### DATASET EXTRACT
+--

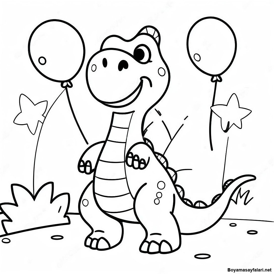Balonlu Mutlu Dinozor Boyama Sayfası
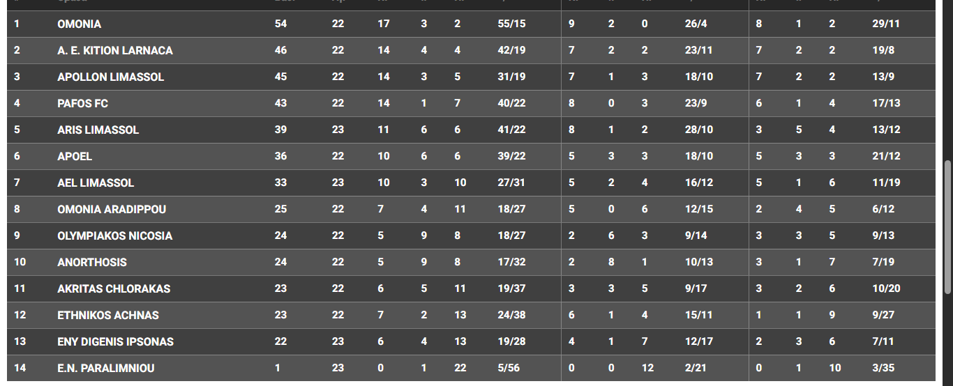 Την ίδια ώρα η ΑΕΛ πήρε ένα εύκολο διπλό κόντρα στην Ένωση και μείωσε την διαφορά από την 6η θέση στους 3 βαθμούς.
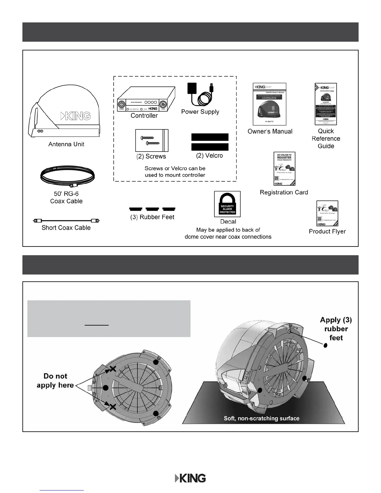 Lay the antenna unit on a soft, non-scratching surface, and apply the (3) rubber feet.

+--

Would you return the data above exactly as written, minus the images?

### ANSWER
Balonlu Mutlu Dinozor Boyama Sayfası
 Την ίδια ώρα η ΑΕΛ πήρε ένα εύκολο διπλό κόντρα στην Ένωση και μείωσε την διαφορά από την 6η θέση στους 3 βαθμούς.
 Lay the antenna unit on a soft, non-scratching surface, and apply the (3) rubber feet.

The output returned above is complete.